• _Records from a data collection_
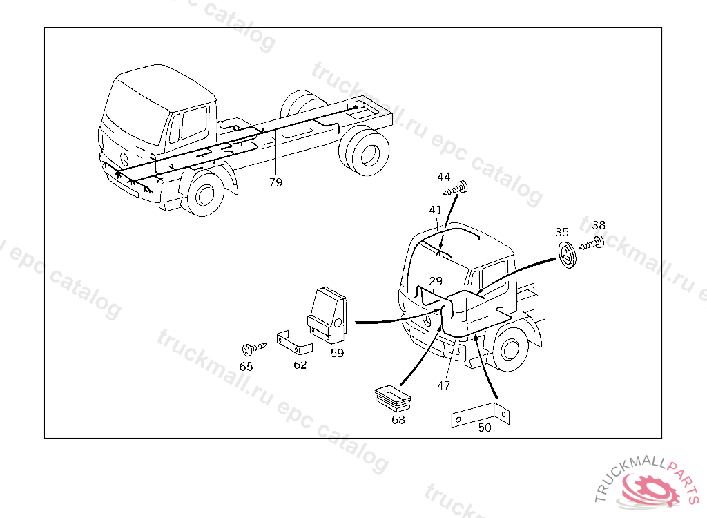 ELECTRIC CABLE FROM CAB PLUG-CONNECTION TO WASHER PUMP & TO CAB UNLOCKING MECHANISM
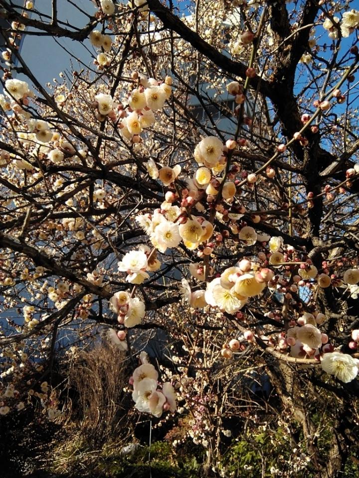 近くの団地に植えられウメです。品種名は分かりませんが、とても
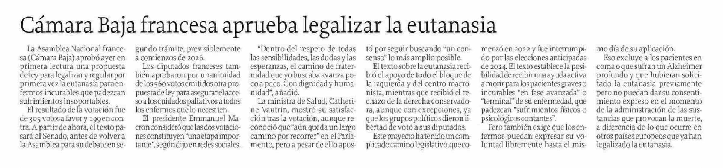 | Título: | Cámara Baja francesa aprueba legalizar la eutanasia |
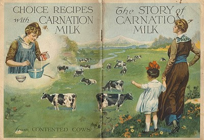 “The Story of Carnation Milk” was published in Seattle in 1915, a 32-page illustrated booklet of recipes prefaced by a paean to milk in general and to “condensed” milk in particular. The publisher was the Pacific Coast Condensed Milk Company, operator of fifteen Carnation condensaries, all located “far from city soot and manufacturing impurities, all located in the hearts of splendid milk producing sections, …literally ‘among the hills.’” Well, perhaps some of them were.
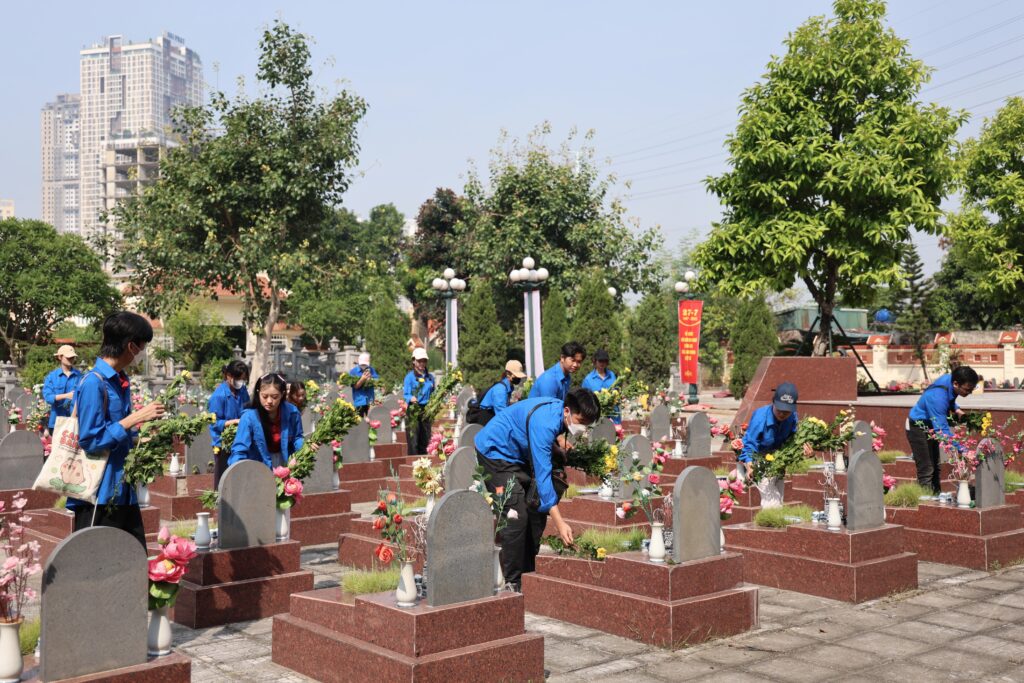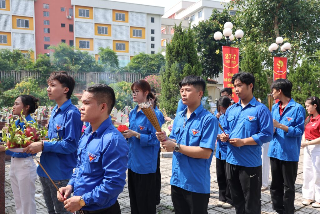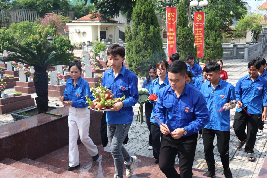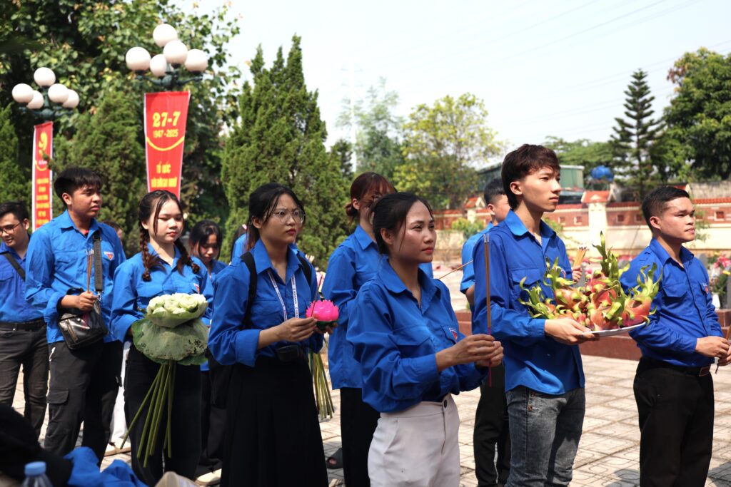 Morning of July 19, 2025 – In commemoration of the 78th anniversary of the Day of Martyrs and Wounded Soldiers (July 27, 1947 – July 27, 2025), the Youth Union of Trung Vuong University organized a meaningful tribute activity at Ha Dong Martyrs’ Cemetery (Van Phuc, Ha Dong, Hanoi).
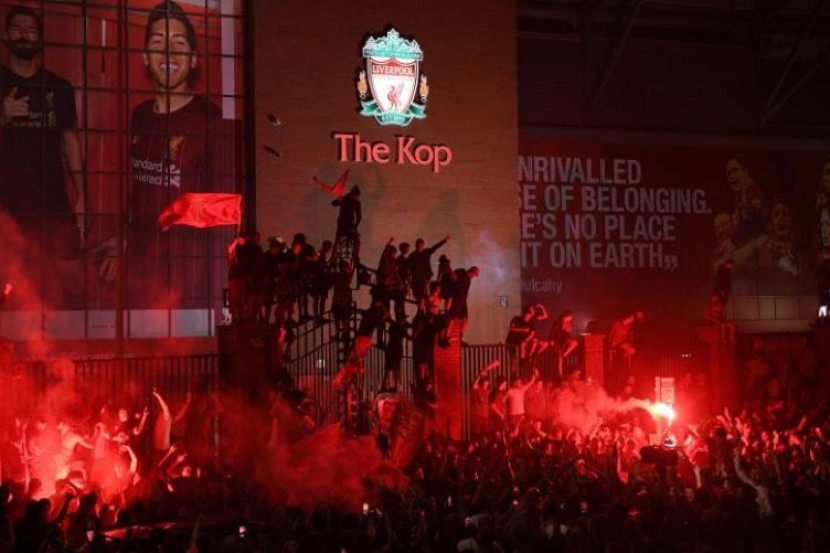 Penyokong-penyokong Liverpool meraikan kejayaan di Anfield.
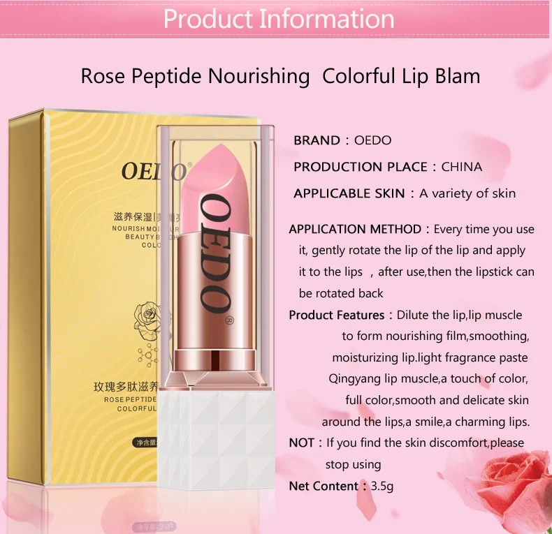 Пептид розы OEDO, питательный красочный бальзам для губ, губная помада, восстанавливающий эффект, крем для губ, розовый пептид, питательный бальзам для губ
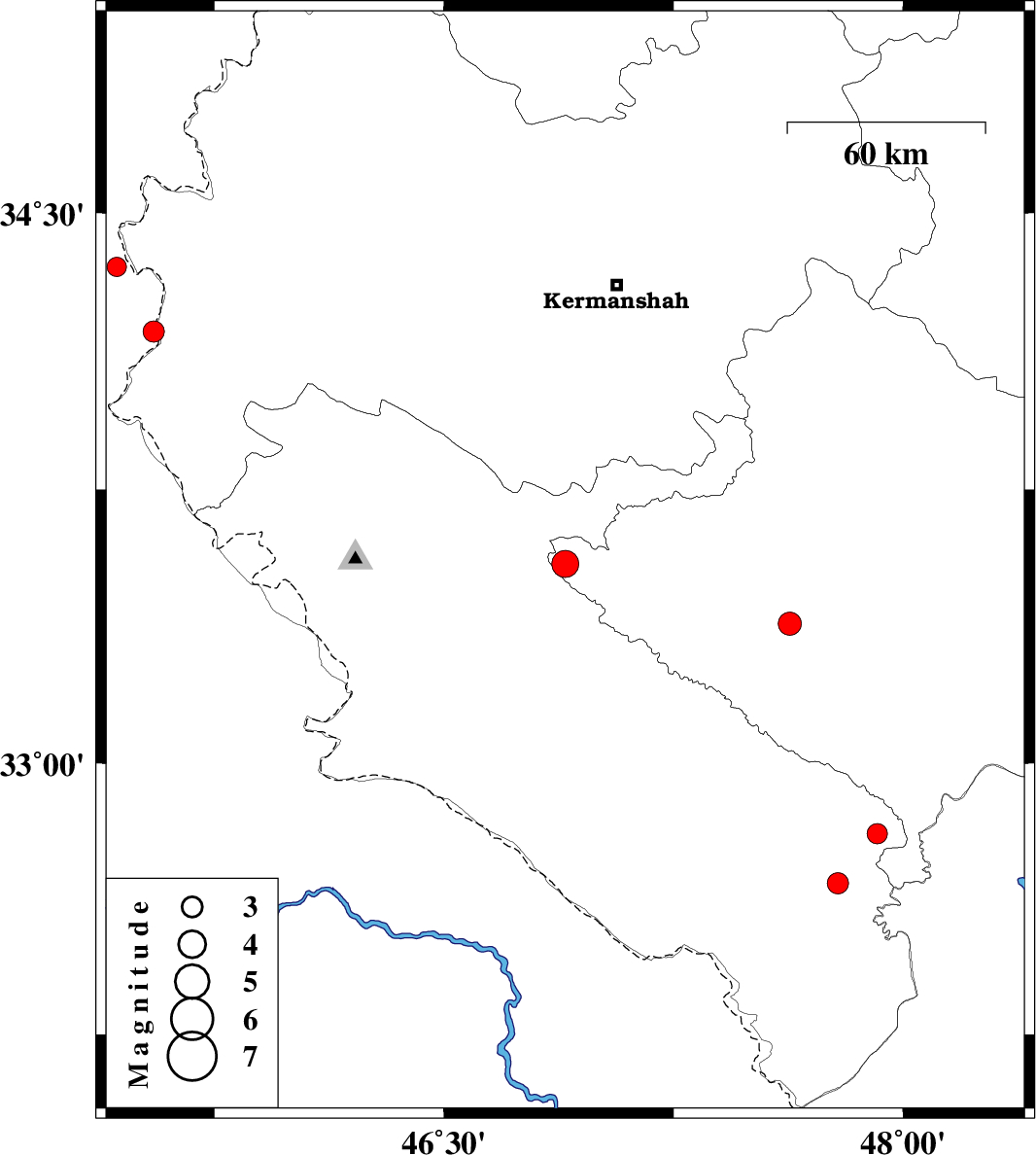 | 2022/09/01 | 05:34:06.6 | 10:04:06.6 | 34.179 | 45.551 | 12 | ML:3.1 | Iraq, 38 km South of Qasr-E-Shirin |
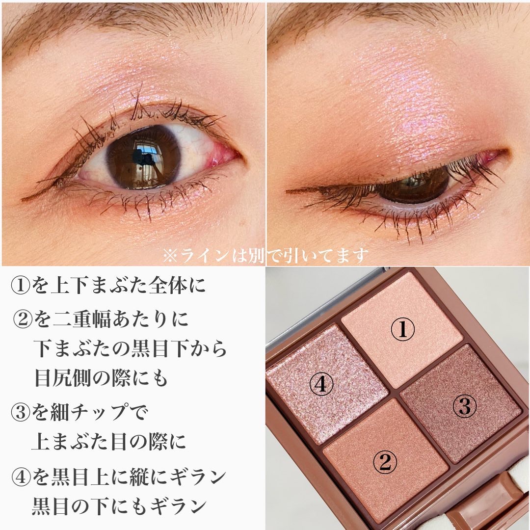 - 透け感マット×濃厚ブラウンの4色アイシャドウ。 しっかり目元を引き締めるビターなブラウンカラー。 透け感のあるブラウンを重ねて、自然な陰影のある目元へ。 ふんわり柔らかなパウダーなので、スルスル伸びてまぶたにピタッと密着。 保湿成分(スクワラン、ホホバ種子油)配合。

• _Required work_
All entries above are to be restated exactly, with every image omitted.

• _Output for this exercise_
 ELECTRIC CABLE FROM CAB PLUG-CONNECTION TO WASHER PUMP & TO CAB UNLOCKING MECHANISM
 近くの団地に植えられウメです。品種名は分かりませんが、とても
 | Título: | Cámara Baja francesa aprueba legalizar la eutanasia |
 “The Story of Carnation Milk” was published in Seattle in 1915, a 32-page illustrated booklet of recipes prefaced by a paean to milk in general and to “condensed” milk in particular. The publisher was the Pacific Coast Condensed Milk Company, operator of fifteen Carnation condensaries, all located “far from city soot and manufacturing impurities, all located in the hearts of splendid milk producing sections, …literally ‘among the hills.’” Well, perhaps some of them were.
 Morning of July 19, 2025 – In commemoration of the 78th anniversary of the Day of Martyrs and Wounded Soldiers (July 27, 1947 – July 27, 2025), the Youth Union of Trung Vuong University organized a meaningful tribute activity at Ha Dong Martyrs’ Cemetery (Van Phuc, Ha Dong, Hanoi).
 Penyokong-penyokong Liverpool meraikan kejayaan di Anfield.
 Пептид розы OEDO, питательный красочный бальзам для губ, губная помада, восстанавливающий эффект, крем для губ, розовый пептид, питательный бальзам для губ
 | 2022/09/01 | 05:34:06.6 | 10:04:06.6 | 34.179 | 45.551 | 12 | ML:3.1 | Iraq, 38 km South of Qasr-E-Shirin |
 - 透け感マット×濃厚ブラウンの4色アイシャドウ。 しっかり目元を引き締めるビターなブラウンカラー。 透け感のあるブラウンを重ねて、自然な陰影のある目元へ。 ふんわり柔らかなパウダーなので、スルスル伸びてまぶたにピタッと密着。 保湿成分(スクワラン、ホホバ種子油)配合。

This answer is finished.